The Clinton Tax Returns: What Will They Reveal?
ABC review shows the Clintons have made over $50M since leaving the White House.
April 3, 2008 -- Hillary Clinton has been pulling out all the stops to win the Democratic nomination for president -- but one: she still has not released her family's tax returns.
The campaign says they will release the documents sometime before April 15. Without them, many questions remain about how the Clintons made tens of millions of dollars -- and whether they used arcane tax loopholes available to the super-rich, an expert says. A Clinton campaign spokesman says the couple has paid all U.S. taxes at ordinary income tax rates.
An independent review by ABC News has found that since leaving the White House seven years ago, the senator and her former president husband have made well over $50 million, much of it from paid speeches made by Bill Clinton.
A review of Sen. Clinton's annual ethics filings found that her husband has earned $47 million in fees from more than 280 speeches he has made around the world.
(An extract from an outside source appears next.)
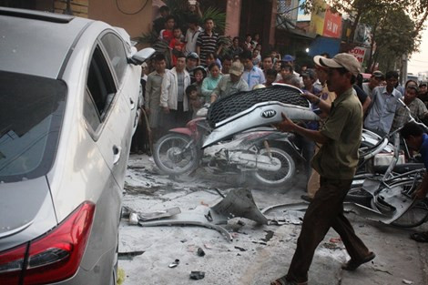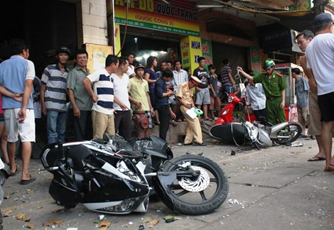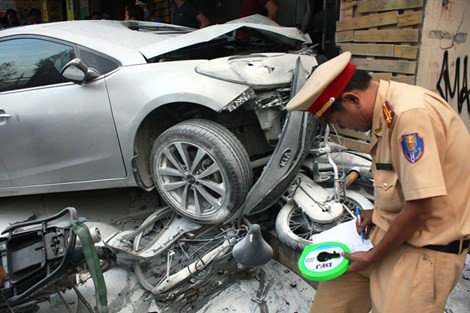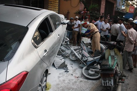 Chiếc ô tô “điên” lao vào hai xe máy đang lưu thông trên đường. Không dừng lại đó, chiếc ô tô tiếp tục lao lên vỉa hè tông vào xe bán bánh mì cùng hai chiếc xe máy đang dựng bên đường. Ô tô chỉ dừng lại khi tiếp tục cuốn ba chiếc xe máy vào gầm và tông vào cửa của tiệm bán quần áo.

Clinton's biggest patrons include New York-based investment firm Goldman Sachs, which paid him $650,000 for four speeches in recent years, and two foreign firms. Gold Services International, a Colombian-based event organizer, brought Clinton to Latin America in 2005 for four days of speeches, earning Clinton $800,000. Another company, Toronto-based Power Within, paid Clinton $650,000 for a series of motivational speeches in Canada in 2005.
Aides to the former president have said that his paid speeches are an efficient way for him to make money and devote more of his time to charitable work.
The annual disclosures do not require Sen. Clinton to fully report her husband's income, which obscures the picture of how much the former president has made in his business dealings with longtime friends and fundraisers.
Read Sen. Clinton's latest disclosure form.
For example, an examination of the records reveals her husband is a partner in an investment fund, Yucaipa Global Partnership, registered in the Cayman Islands, and was paid "guaranteed payments to partner." Sen. Clinton's forms do not list the exact amount of her husband's payments, only that they totaled more than $1,000 over four years.
"No average person has interest and funds in the Cayman Islands. This is all the above-average, non-tax-paying, super rich," said Jack Blum, an attorney and leading expert on offshore tax havens.
Jay Carson, a spokesperson for Sen. Clinton's presidential campaign, said the Yucaipa global fund was organized in the Cayman Islands to attract foreign investors. "Each investor or partner in the fund pays the taxes they owe in their home country. For U.S. citizens like Bill Clinton, that means he pays U.S. taxes on his income from this fund, which he does," said Carson.
The exact amount he has made from his involvement in the fund remains undisclosed.
According to the Wall Street Journal, the former president stands to receive a payout of around $20 million for his role as an adviser to billionairel Ron Burkle's investment funds.
Sen. Clinton's presidential campaign disputes that figure. "Contrary to published reports, neither the level of his compensation for his advisory role, nor the value of his partnership share in the Yucaipa Global Fund upon his exit, has been determined," Carson said.
Bill Clinton has also faced scrutiny for his business dealings with friend and fundraiser Vinod Gupta, who has reportedly paid him undisclosed consulting fees and provided him use of his corporate jet.
Shareholders in Gupta's data collection company filed a lawsuit in 2007 accusing Gupta of using the company's resources to ingratiate himself with Clinton and other personal friends.
A court later dismissed the lawsuit. Gupta has said it was a legitimate business expense to hire Clinton. Contacted by phone Wednesday, a lawyer for Gupta declined to disclose the amount his client had paid Clinton.